Historic Travelers through Lolo Pass

While journeying to their Pacific destination, a Shoshone guide led Lewis and Clark’s Corps of Discovery across the Bitterroot Mountains through what would later be named Lolo Pass. Soon after they left the pass behind, they learned that Native peoples used it to gain access to bison hunting territory.

After leaving their camp at Traveler’s Rest, the Corps of Discovery, led by captains Meriwether Lewis and William Clark encountered one of the most grueling stretches of their expedition. The Shoshones advised them against descending the Snake River to the Pacific Ocean, and so their alternate route necessitated going through a mountain pass farther north. Later named “Lolo Pass,” the mountain gap the Corps crossed aided their overall westward progress but inaugurated one of the most difficult parts of their journey. Over the course of eleven days, they experienced treacherous slopes and contours of the Bitteroot Mountains. Their Shoshone guide nicknamed “Old Toby” told them their travel through the mountains would take six days. This miscalculation was, oddly enough, due in part to his guiding the party down “a wrong road,” taking them “out of [their] rout 3 miles” before falling back into “the right road.” Nevertheless, the party crossed over Lolo Pass, the currently-demarcated border between Idaho and Montana on the Continental Divide. They passed several hot springs on their way through, stopping briefly to test (and even taste) the water, and discovered that it was “hot & not bad tasted.” After Lewis’s cohort caught up with Clark’s, they set up camp near Pack Creek, specifically on the lower end of Packer Meadows in Idaho County, Idaho.

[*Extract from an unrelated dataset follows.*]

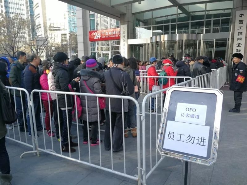 去年12月份,在ofo公司楼下排队等候退押金的用户。

Having successfully traversed the mountains (albeit with much difficulty), the party stepped off the Lolo Trail to enjoy the hospitality, food, and shelter of the Nez Perce tribe, located at Weippe Prairie. After encamping together, the Nez Perce informed the party of travelers that the trail the party took was an older trail the Nez Perce had been using to go east to hunt for deer and bison, as well as to procure horses and rendezvous with other tribes (sometimes with the unfortunate result of combating their enemies, losing tribespeople and horses in the process). Interestingly, the expedition members noticed signs of the trail and pass being used on the first day they set out to cross the Bitterroots, as they “passed a tree on which was a nomber of Shapes drawn on it with paint by the natives,” among other signs that they supposed to be “a place of worship among them [the Indians].” They also saw “pine trees pealed as far up as a man could reach,” assuming that the natives had done so to mix the inside bark of the trees with dried fruit to eat. They also posited that at the hot springs “one of the Indians had made a whole to bathe [in].” Before leaving the Nez Perce to sail on the Columbia River, the party learned that the Nez Perce “make great use of Swetting,” referring to the tribe’s use of “hot and cold baethes,” which were used to treat skin diseases on account of the supposed healing properties of hot springs’ water. On the return trip home, some expedition members and natives “amused themselves” by fully utilizing the springs near Lolo Pass, a welcome warmth and delight after “bid[ding] adieu to the snow” and remembering the hardships they had previously experienced in crossing the Rocky Mountains.